The records that follow should be copied out exactly, pictures excluded.

━━━━

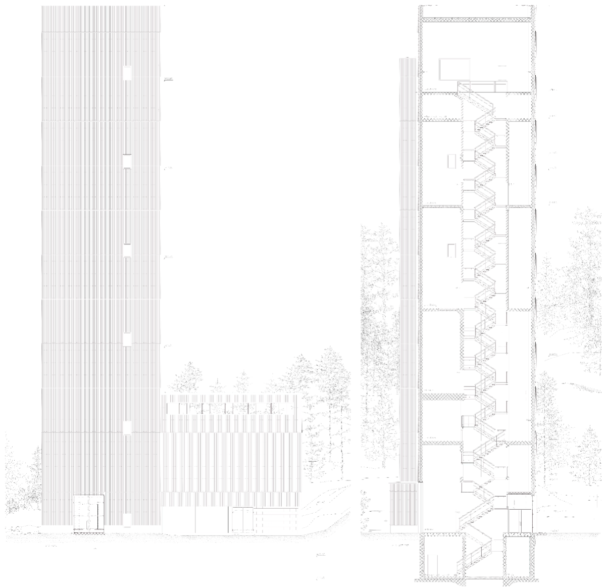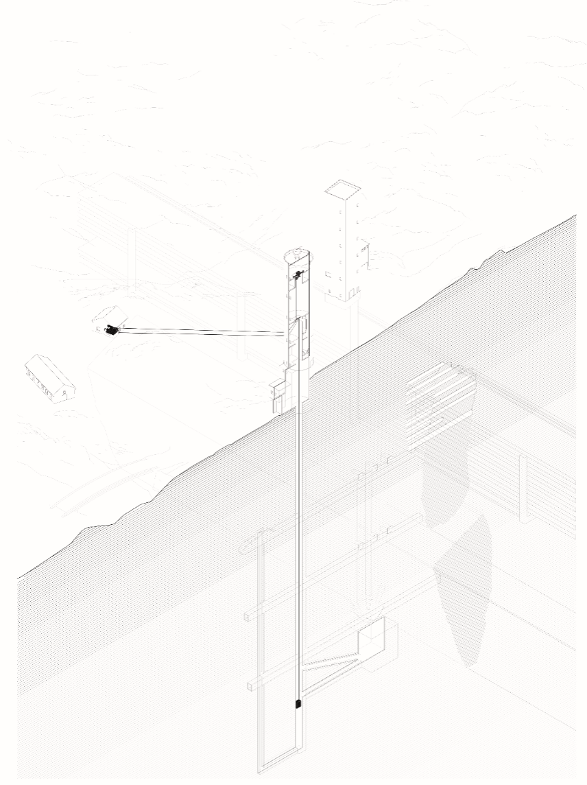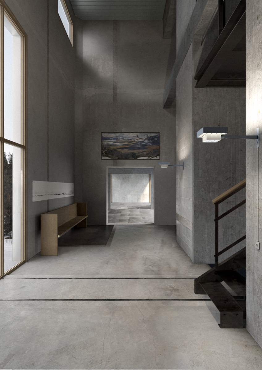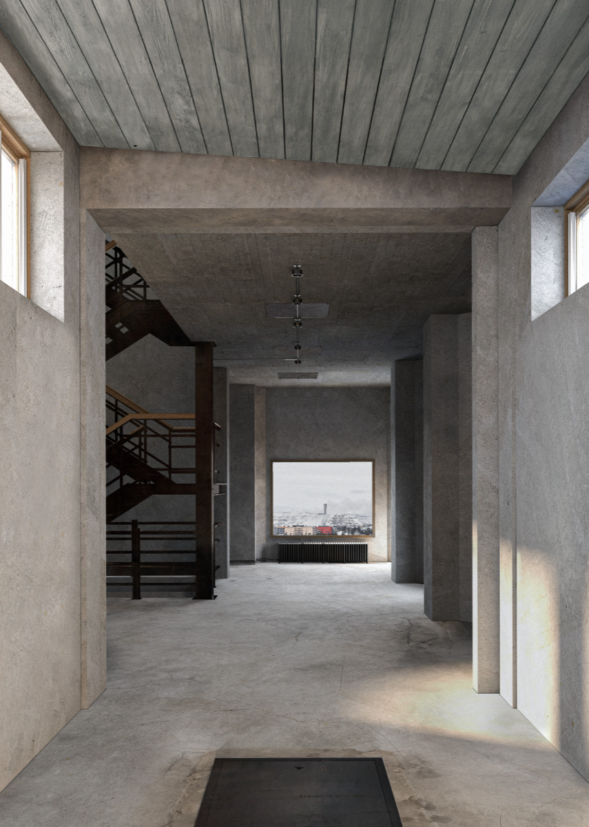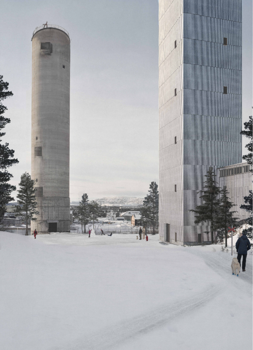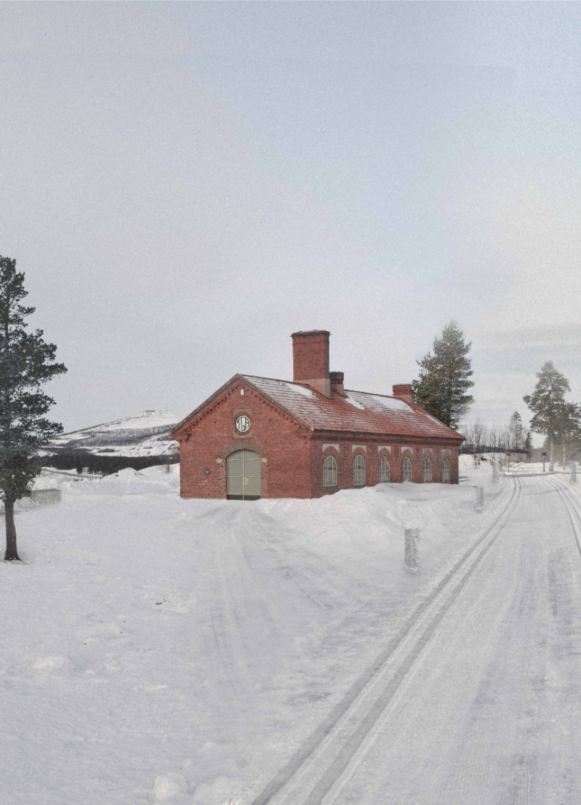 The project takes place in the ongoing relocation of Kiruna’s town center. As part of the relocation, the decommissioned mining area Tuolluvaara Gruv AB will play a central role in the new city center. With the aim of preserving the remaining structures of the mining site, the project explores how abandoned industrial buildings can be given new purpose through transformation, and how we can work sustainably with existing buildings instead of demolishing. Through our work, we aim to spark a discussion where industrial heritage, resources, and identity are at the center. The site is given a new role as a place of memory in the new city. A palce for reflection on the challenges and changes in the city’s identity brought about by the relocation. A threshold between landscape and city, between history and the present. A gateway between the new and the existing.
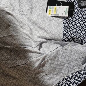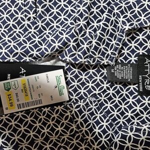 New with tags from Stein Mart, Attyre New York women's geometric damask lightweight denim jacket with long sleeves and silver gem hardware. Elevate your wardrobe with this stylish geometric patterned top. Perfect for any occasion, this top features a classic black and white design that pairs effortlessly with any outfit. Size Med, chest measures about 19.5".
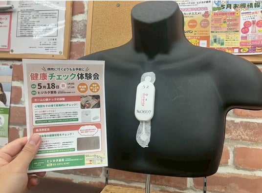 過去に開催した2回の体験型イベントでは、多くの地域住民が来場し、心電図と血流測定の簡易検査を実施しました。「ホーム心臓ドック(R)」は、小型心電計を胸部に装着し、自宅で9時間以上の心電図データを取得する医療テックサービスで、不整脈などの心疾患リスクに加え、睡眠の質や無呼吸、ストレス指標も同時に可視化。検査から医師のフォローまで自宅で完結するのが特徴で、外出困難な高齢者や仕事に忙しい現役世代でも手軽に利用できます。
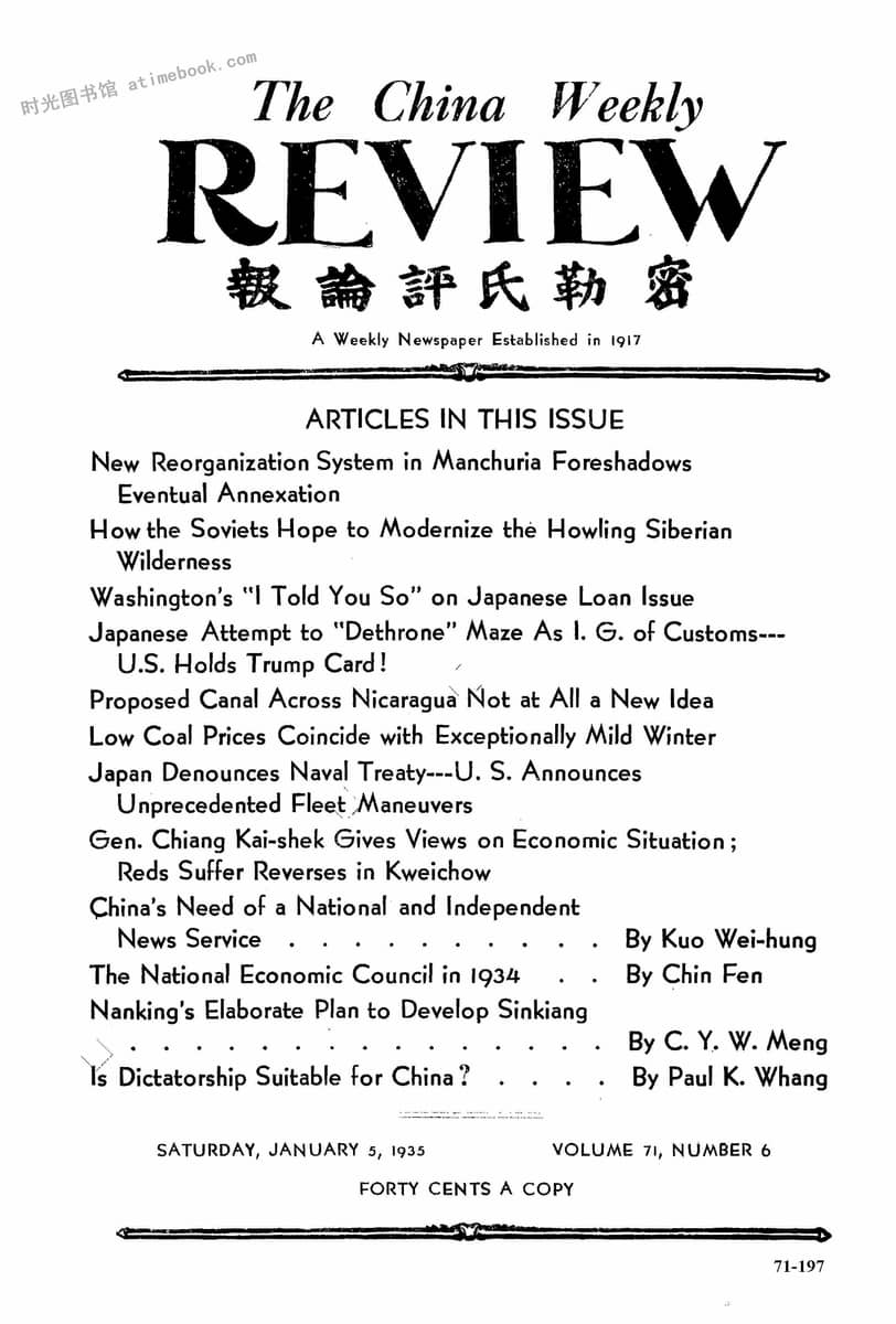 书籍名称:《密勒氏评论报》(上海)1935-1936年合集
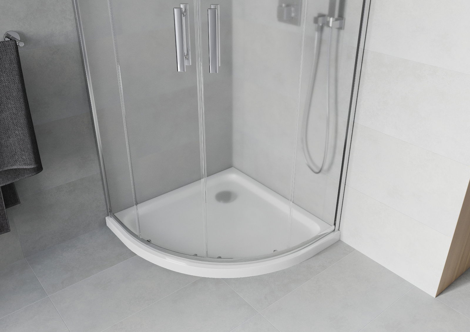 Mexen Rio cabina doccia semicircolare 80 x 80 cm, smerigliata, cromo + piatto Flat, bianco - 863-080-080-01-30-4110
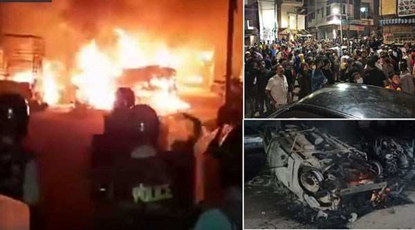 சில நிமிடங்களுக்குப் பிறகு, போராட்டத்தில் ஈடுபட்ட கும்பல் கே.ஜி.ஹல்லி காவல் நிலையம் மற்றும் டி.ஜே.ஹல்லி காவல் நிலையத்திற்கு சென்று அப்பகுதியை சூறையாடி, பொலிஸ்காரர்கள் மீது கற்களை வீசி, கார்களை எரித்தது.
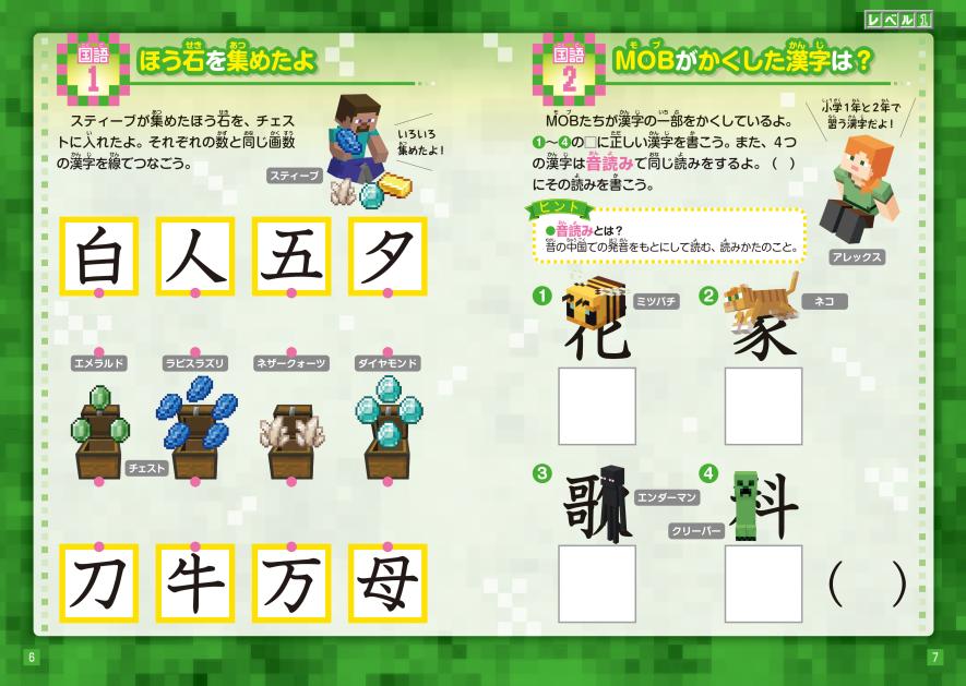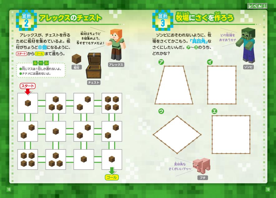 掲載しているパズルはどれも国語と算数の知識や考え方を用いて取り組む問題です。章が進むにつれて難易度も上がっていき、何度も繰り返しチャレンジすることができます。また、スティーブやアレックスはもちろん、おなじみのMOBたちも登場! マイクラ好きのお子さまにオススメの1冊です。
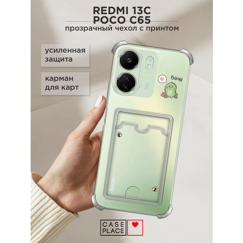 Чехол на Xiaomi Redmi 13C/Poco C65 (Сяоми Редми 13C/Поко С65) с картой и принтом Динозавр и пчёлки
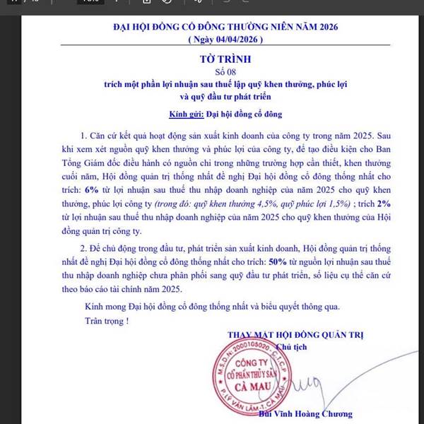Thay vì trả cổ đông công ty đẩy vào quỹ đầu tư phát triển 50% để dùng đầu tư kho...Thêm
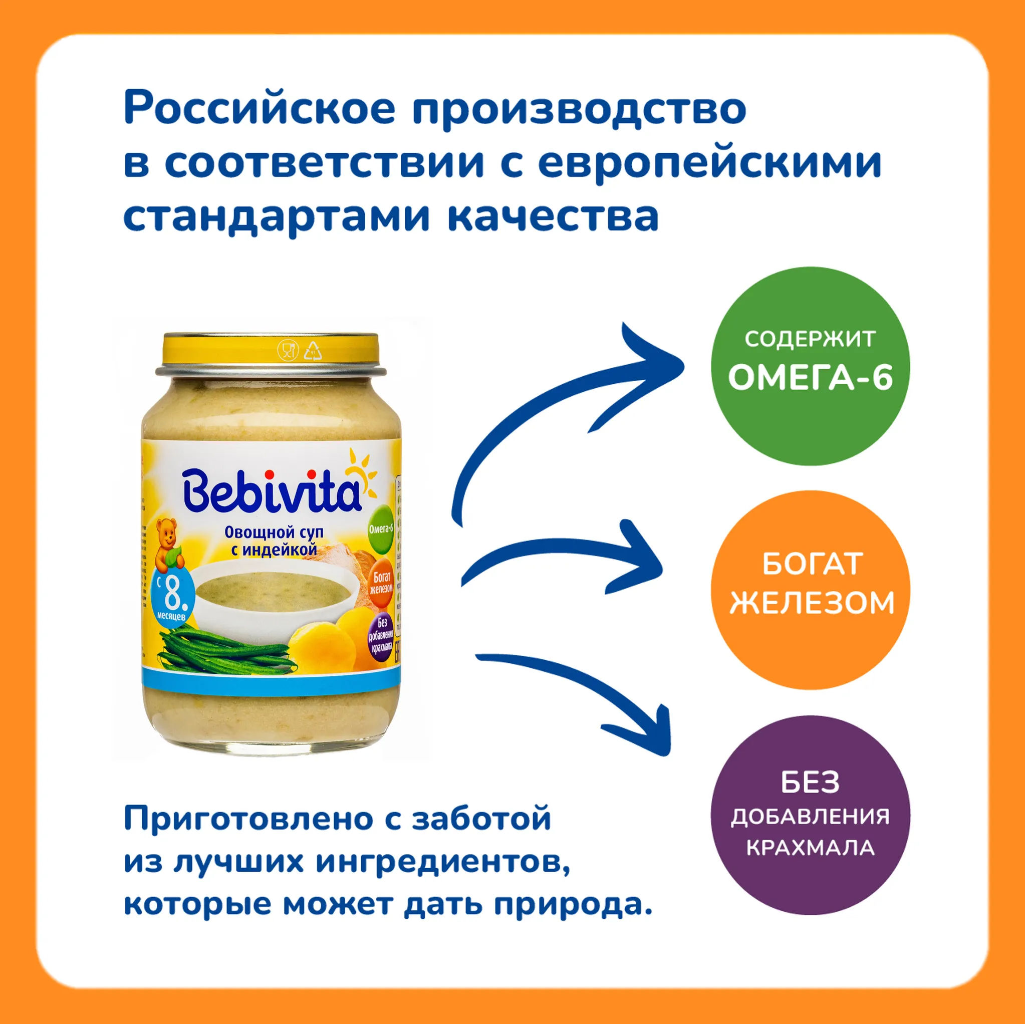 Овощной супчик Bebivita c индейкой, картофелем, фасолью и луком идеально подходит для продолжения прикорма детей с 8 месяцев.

━━━━

**RESULT OF THE EXERCISE**
 The project takes place in the ongoing relocation of Kiruna’s town center. As part of the relocation, the decommissioned mining area Tuolluvaara Gruv AB will play a central role in the new city center. With the aim of preserving the remaining structures of the mining site, the project explores how abandoned industrial buildings can be given new purpose through transformation, and how we can work sustainably with existing buildings instead of demolishing. Through our work, we aim to spark a discussion where industrial heritage, resources, and identity are at the center. The site is given a new role as a place of memory in the new city. A palce for reflection on the challenges and changes in the city’s identity brought about by the relocation. A threshold between landscape and city, between history and the present. A gateway between the new and the existing.
 New with tags from Stein Mart, Attyre New York women's geometric damask lightweight denim jacket with long sleeves and silver gem hardware. Elevate your wardrobe with this stylish geometric patterned top. Perfect for any occasion, this top features a classic black and white design that pairs effortlessly with any outfit. Size Med, chest measures about 19.5".
 過去に開催した2回の体験型イベントでは、多くの地域住民が来場し、心電図と血流測定の簡易検査を実施しました。「ホーム心臓ドック(R)」は、小型心電計を胸部に装着し、自宅で9時間以上の心電図データを取得する医療テックサービスで、不整脈などの心疾患リスクに加え、睡眠の質や無呼吸、ストレス指標も同時に可視化。検査から医師のフォローまで自宅で完結するのが特徴で、外出困難な高齢者や仕事に忙しい現役世代でも手軽に利用できます。
 书籍名称:《密勒氏评论报》(上海)1935-1936年合集
 Mexen Rio cabina doccia semicircolare 80 x 80 cm, smerigliata, cromo + piatto Flat, bianco - 863-080-080-01-30-4110
 சில நிமிடங்களுக்குப் பிறகு, போராட்டத்தில் ஈடுபட்ட கும்பல் கே.ஜி.ஹல்லி காவல் நிலையம் மற்றும் டி.ஜே.ஹல்லி காவல் நிலையத்திற்கு சென்று அப்பகுதியை சூறையாடி, பொலிஸ்காரர்கள் மீது கற்களை வீசி, கார்களை எரித்தது.
 掲載しているパズルはどれも国語と算数の知識や考え方を用いて取り組む問題です。章が進むにつれて難易度も上がっていき、何度も繰り返しチャレンジすることができます。また、スティーブやアレックスはもちろん、おなじみのMOBたちも登場! マイクラ好きのお子さまにオススメの1冊です。
 Чехол на Xiaomi Redmi 13C/Poco C65 (Сяоми Редми 13C/Поко С65) с картой и принтом Динозавр и пчёлки
Thay vì trả cổ đông công ty đẩy vào quỹ đầu tư phát triển 50% để dùng đầu tư kho...Thêm
 Овощной супчик Bebivita c индейкой, картофелем, фасолью и луком идеально подходит для продолжения прикорма детей с 8 месяцев.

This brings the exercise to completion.